The butterfly pea flower powder is water soluble and it is free of calories, fat and sugar. The blue color is from the main
ingredient anthocyanin. PH value can change the color of butterfly pea flower powder in the solution. When the solution is acidic,the color will change to purple, even red; while the solution is alkaline, the color will be green.
Butterfly pea flower powder has a lot of health benefits, including enhancing memory, nootropic, antistress, anxiolytic,
antidepressant and sedative effects, so it is also a great material for dietary supplements.
Product Name: | Butterfly Pea Powder | Part Used: | Flowers |
Latin Name: | Clitoria ternatea Linn | Expiration Date : | 2 Years |
ITEMS | STANDARDS | METHOD |
Physicalandchemicalanalysis: | ||
Description | Blue Powder | Visual |
Mesh Size | 100% pass 80 mesh | CP2015 |
Ash Content | ≤5.0% | CP2015 |
Loss on Drying | ≤5.0% | CP2015 |
Residue analysis: | ||
Heavy Metal | ≤10ppm | CP2015 |
Pb | ≤2ppm | GB/T 5009.12-2003 |
As | ≤2ppm | GB/T 5009.11-2003 |
Hg | ≤2ppm | GB/T 5009.15-2003 |
Cd | ≤2ppm | GB/T 5009.17-2003 |
Solvents Residue | Meet Eur.Ph.7.0 <5.4> | Eur.Ph 7.0<2.4.24> |
Pesticides Residue | Meet USP Requirements | USP34 <561> |
Microbiological: | ||
Total Plate Count | ≤1000cfu/g | CP2015 |
Yeast&Mold | ≤100cfu/g | CP2015 |
E.coil | Negative | CP2015 |
Salmonella | Negative | CP2015 |
1.Butterfly pea powder is a natural anti-oxidant
2.Butterfly pea powder can improves blood circulation.

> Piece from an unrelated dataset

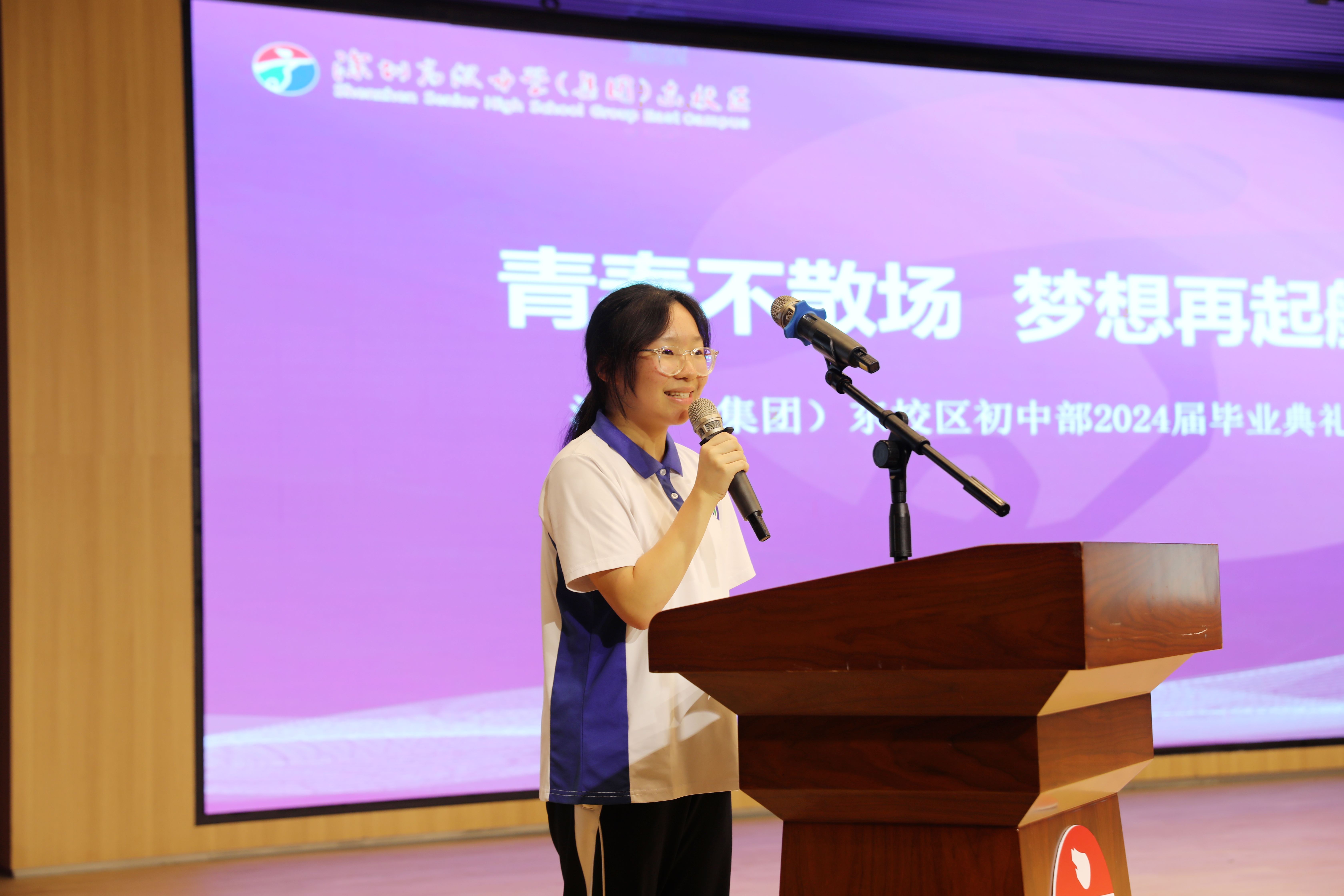 优秀毕业生代表段瑶在发言中表达了对学校辛勤培养和师长关心爱护的感激之情,她表示,深圳高级中学(集团)东校区为学生们提供了优越的环境与饱满的学习氛围,“得益于学校的培养,在紫堡一砖一瓦的见证下,我们顺利完成初中学业,拥抱了人生中一个重要阶段的蜕变。”

3.Helps prevent hair loss and graying hair.
4.Butter pea Powder can Cleanses blood
5.butterfly pea powder can improves night vision
6.butterfly pea powder is natural food pigment
1.In Southeast Asia the flower is used as a natural food colouring.

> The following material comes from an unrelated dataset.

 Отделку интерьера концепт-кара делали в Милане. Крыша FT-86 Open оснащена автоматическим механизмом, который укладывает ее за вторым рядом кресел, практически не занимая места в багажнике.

2.In Malay cooking, an aqueous extract is used to colour glutinous rice for kuih ketan (also known as pulut tai tai or pulut tekan in Peranakan/Nyonya cooking) and in nyonya chang.
3.In Kelantan, east part of Malaysia, by adding a few buds of this flower in a pot while cooking white rice will add bluish tinton the rice which is served with other side dishes and such meal is called nasi kerabu.

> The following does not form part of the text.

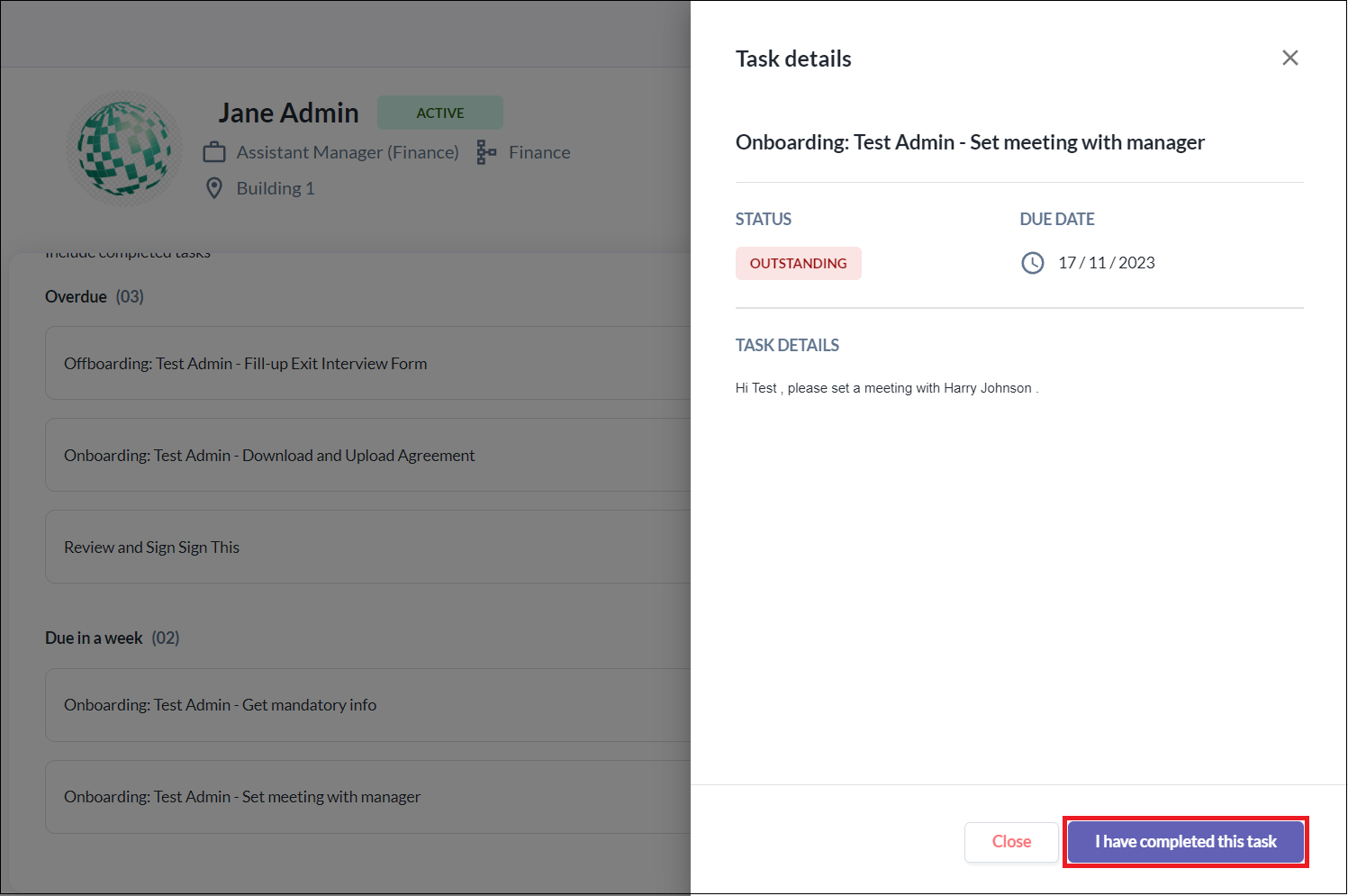 - Select the task you want to complete. A side pop-up will appear with the topline details of the task.

4.In Thailand, a syrupy blue drink is made called nam dok anchan , it is sometimes consumed with a drop of sweet lime juice to increase acidity and turn the juice into pink-purple.
5.In Burmese and Thai cuisines, the flowers are also dipped in batter and fried.
6.Butterfly pea flower tea is made from the ternatea flowers and dried lemongrass and changes color depending on what is added to the liquid, with lemon juice turning it purple.